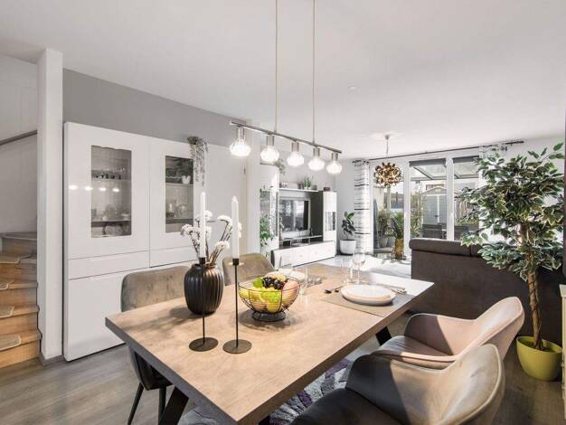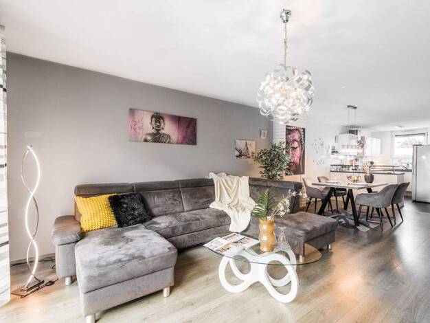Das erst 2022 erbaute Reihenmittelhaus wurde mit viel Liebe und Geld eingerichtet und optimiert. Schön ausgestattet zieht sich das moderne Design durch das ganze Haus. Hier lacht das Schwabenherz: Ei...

· · · ·

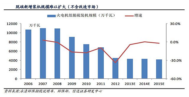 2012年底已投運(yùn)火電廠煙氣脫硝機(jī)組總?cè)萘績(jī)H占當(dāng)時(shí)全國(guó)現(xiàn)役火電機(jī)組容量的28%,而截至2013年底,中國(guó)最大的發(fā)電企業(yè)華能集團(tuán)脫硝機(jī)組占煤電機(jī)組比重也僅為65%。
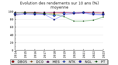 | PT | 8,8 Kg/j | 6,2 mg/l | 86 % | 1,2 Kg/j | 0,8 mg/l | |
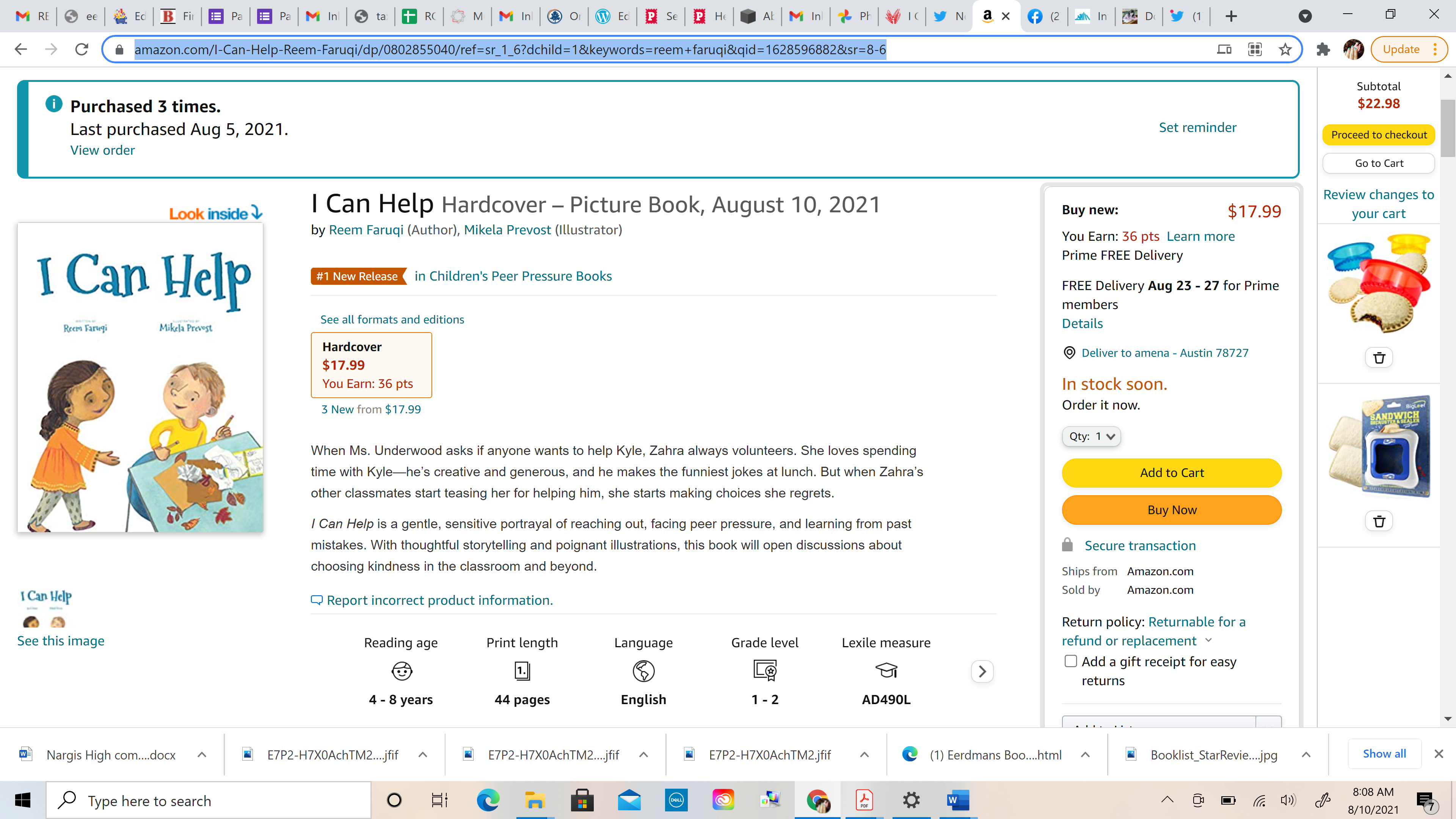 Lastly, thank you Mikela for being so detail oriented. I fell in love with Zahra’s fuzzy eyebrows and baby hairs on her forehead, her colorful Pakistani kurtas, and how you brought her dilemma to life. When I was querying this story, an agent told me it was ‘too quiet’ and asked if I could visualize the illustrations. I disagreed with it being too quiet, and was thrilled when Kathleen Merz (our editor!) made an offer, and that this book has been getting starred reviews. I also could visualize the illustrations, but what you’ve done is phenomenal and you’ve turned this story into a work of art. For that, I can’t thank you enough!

· · · ·

YOUR GOAL: Would you write out exactly the lines above, starting at the line containing "2012年底已投運(yùn)" and stopping after the line containing "Lastly, thank you"? Omit the pictures.

WRITTEN SOLUTION:
 2012年底已投運(yùn)火電廠煙氣脫硝機(jī)組總?cè)萘績(jī)H占當(dāng)時(shí)全國(guó)現(xiàn)役火電機(jī)組容量的28%,而截至2013年底,中國(guó)最大的發(fā)電企業(yè)華能集團(tuán)脫硝機(jī)組占煤電機(jī)組比重也僅為65%。
 | PT | 8,8 Kg/j | 6,2 mg/l | 86 % | 1,2 Kg/j | 0,8 mg/l | |
 Lastly, thank you Mikela for being so detail oriented. I fell in love with Zahra’s fuzzy eyebrows and baby hairs on her forehead, her colorful Pakistani kurtas, and how you brought her dilemma to life. When I was querying this story, an agent told me it was ‘too quiet’ and asked if I could visualize the illustrations. I disagreed with it being too quiet, and was thrilled when Kathleen Merz (our editor!) made an offer, and that this book has been getting starred reviews. I also could visualize the illustrations, but what you’ve done is phenomenal and you’ve turned this story into a work of art. For that, I can’t thank you enough!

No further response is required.